Task description:
Output every entry below word for word, minus the images.

═════ Data supplied ═════

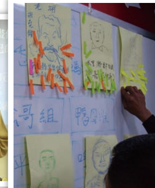
全民來公投！請惠賜一票，凍蒜！凍蒜！
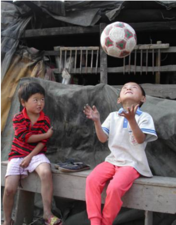
一个捡来的皮球，一份捡来的快乐
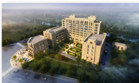
上海闵瑞路高端失智失能照护项目-安颐别业（在建）

公司养老服务业务以发展医养康教一体化、医养融合的连锁养老服务事业为核心，重点规划失能失智领域。目前业务以长三角区域为主，逐步扩展到其他区域。
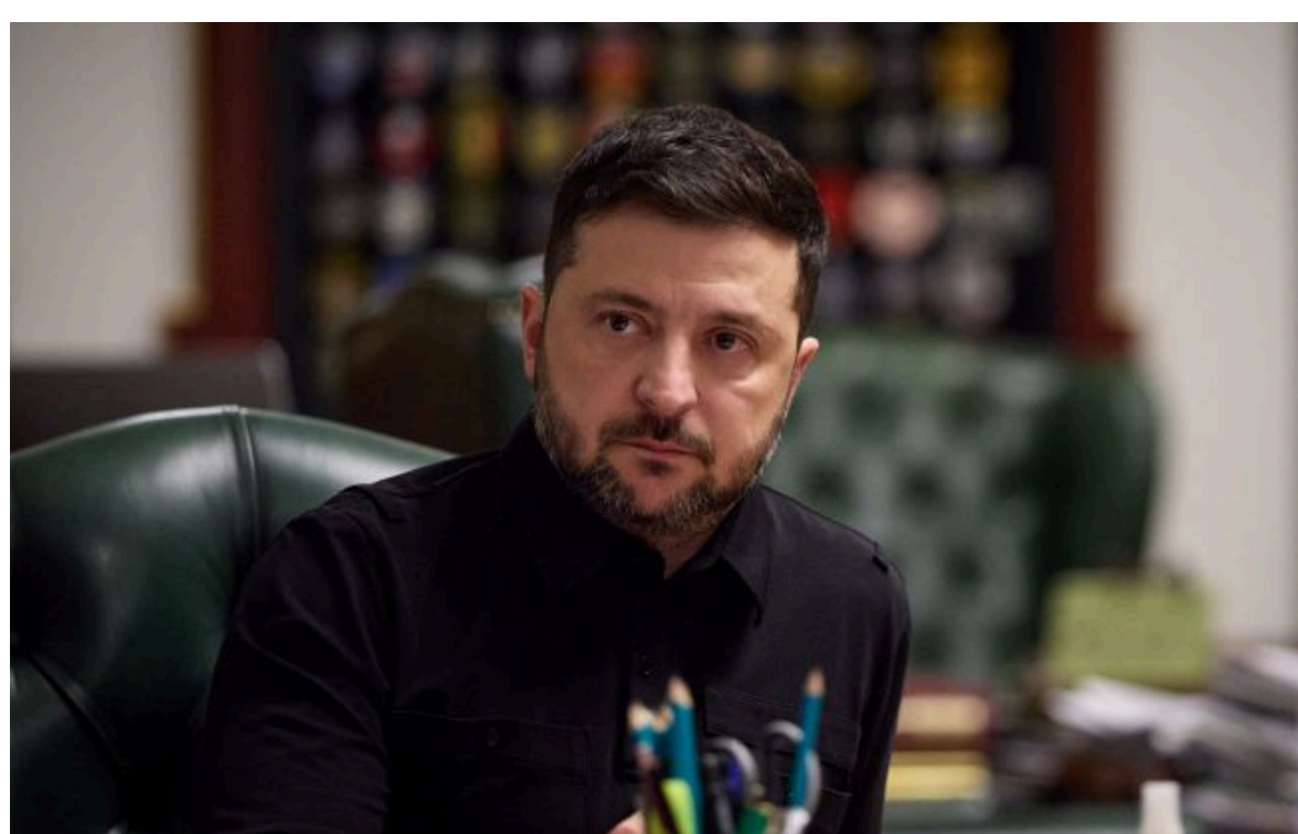
Фото: Президент України Володимир Зеленський (facebook.com/zelenskyy.official.jpg)
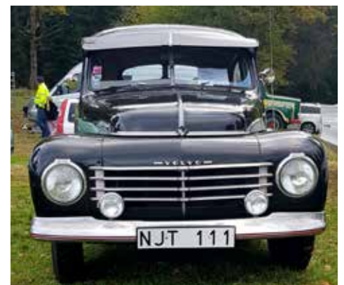
Volvo PV 444 från 1947

mer om bilen än vad som stod på lappen i vindrutan. Den kanske äldsta moderna bilen på träffen var nog en Volvo PV 444 från 1947 försedd med tidsenligt solskydd.
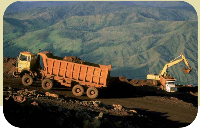
Camion de roulage sur mine
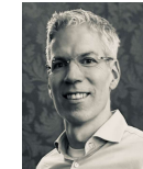
PD B. Habermann
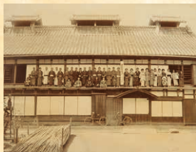
◀大正期の小茂田家の様子

▶小茂田家住宅(長沼町2631)は個人住宅のため、内部は原則非公開。外観は見学できる
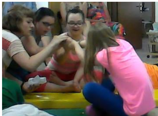
Slika 12. Djeca guraju kamen s ulaza pećine

Danas sam osjetila da je dijete više sudjelovalo gurajući ruku prema naprijed, ali i dalje je bilo nesigurno da to učini samo. Putnici su se uplašili i pobjegli te su nakon pogleda u kartu trebali odgurati kamen s vrata pećine. Učinili su to jako dobro kao i prošli put (slika 12).
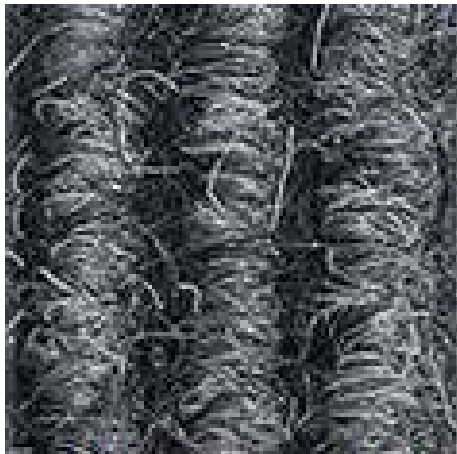
nr. 220, lichtgrijs
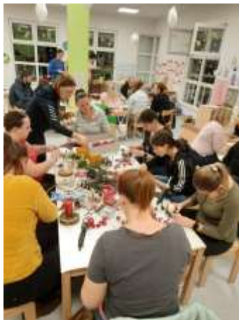
Slika 74. Božićna radionica sa roditeljima

Ove pedagoške godine planirali smo i održali tri roditeljska sastanka. Sa roditeljima smo komunicirale svakodnevno prilikom dolaska i odlaska djece iz vrtića dajući kratke informacije o boravku djece. Obavještavale smo ih o svemu važnome kroz viber grupu. Tijekom pedagoške godine većina roditelja odazvala se individualnim razgovorima kada smo procijenili da su neophodni ili na zahtjev roditelja. Sadržaji tih razgovora bili su vezani uz zdravstvene prilike i navike djece, ponašanja djece u skupini.
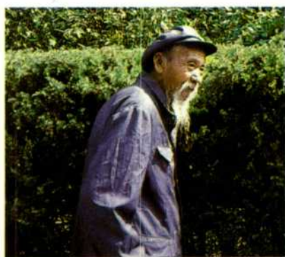
Chinos, mongoles y algún turista europeo, suelen ser los viajeros habituales del tren.
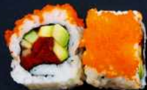
U4. TUN TARTAR 89,- Tun tatar, chilisauce, avocado og agurk Toppet med masago
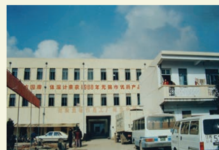
无锡县医用仪表厂
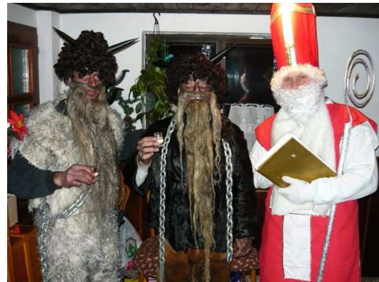
A z některých čertů šel skutečně strach...
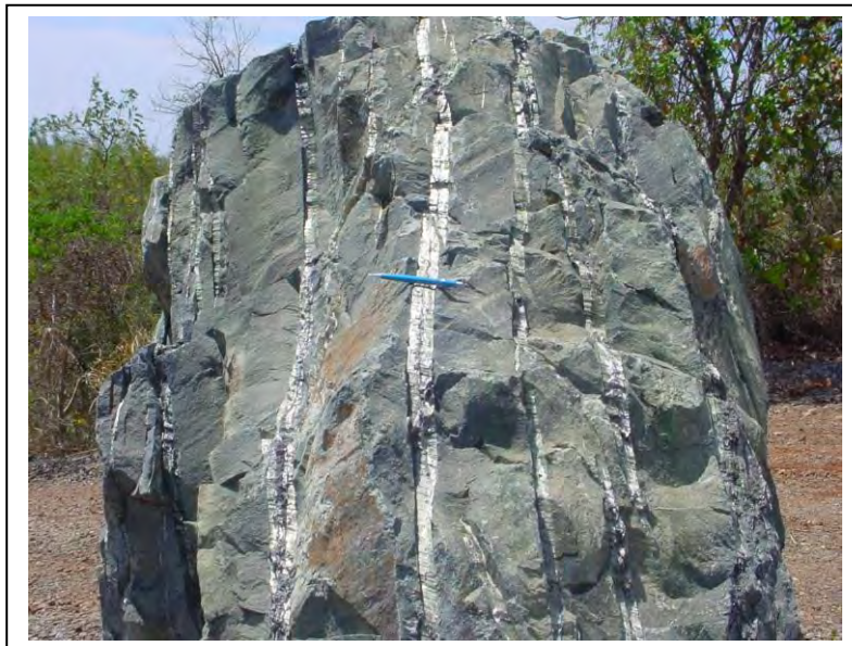
Figura 1 – Bloco de serpentinito com veios de crisólita.

Com essas propriedades, o amianto permite a fabricação de mais de três mil produtos, dentre os quais os de fibrocimento (que corresponde hoje mais de 96% do consumo final das fibras produzidas na mina de Cana Brava), fricção, têxtil, papel e papelão, filtros, revestimentos de pisos e isolantes térmicos.

═════

Written solution:
全民來公投！請惠賜一票，凍蒜！凍蒜！
一个捡来的皮球，一份捡来的快乐
上海闵瑞路高端失智失能照护项目-安颐别业（在建）

公司养老服务业务以发展医养康教一体化、医养融合的连锁养老服务事业为核心，重点规划失能失智领域。目前业务以长三角区域为主，逐步扩展到其他区域。
Фото: Президент України Володимир Зеленський (facebook.com/zelenskyy.official.jpg)
Volvo PV 444 från 1947

mer om bilen än vad som stod på lappen i vindrutan. Den kanske äldsta moderna bilen på träffen var nog en Volvo PV 444 från 1947 försedd med tidsenligt solskydd.
Camion de roulage sur mine
PD B. Habermann
◀大正期の小茂田家の様子

▶小茂田家住宅(長沼町2631)は個人住宅のため、内部は原則非公開。外観は見学できる
Slika 12. Djeca guraju kamen s ulaza pećine

Danas sam osjetila da je dijete više sudjelovalo gurajući ruku prema naprijed, ali i dalje je bilo nesigurno da to učini samo. Putnici su se uplašili i pobjegli te su nakon pogleda u kartu trebali odgurati kamen s vrata pećine. Učinili su to jako dobro kao i prošli put (slika 12).
nr. 220, lichtgrijs
Slika 74. Božićna radionica sa roditeljima

Ove pedagoške godine planirali smo i održali tri roditeljska sastanka. Sa roditeljima smo komunicirale svakodnevno prilikom dolaska i odlaska djece iz vrtića dajući kratke informacije o boravku djece. Obavještavale smo ih o svemu važnome kroz viber grupu. Tijekom pedagoške godine većina roditelja odazvala se individualnim razgovorima kada smo procijenili da su neophodni ili na zahtjev roditelja. Sadržaji tih razgovora bili su vezani uz zdravstvene prilike i navike djece, ponašanja djece u skupini.
Chinos, mongoles y algún turista europeo, suelen ser los viajeros habituales del tren.
U4. TUN TARTAR 89,- Tun tatar, chilisauce, avocado og agurk Toppet med masago
无锡县医用仪表厂
A z některých čertů šel skutečně strach...
Figura 1 – Bloco de serpentinito com veios de crisólita.

Com essas propriedades, o amianto permite a fabricação de mais de três mil produtos, dentre os quais os de fibrocimento (que corresponde hoje mais de 96% do consumo final das fibras produzidas na mina de Cana Brava), fricção, têxtil, papel e papelão, filtros, revestimentos de pisos e isolantes térmicos.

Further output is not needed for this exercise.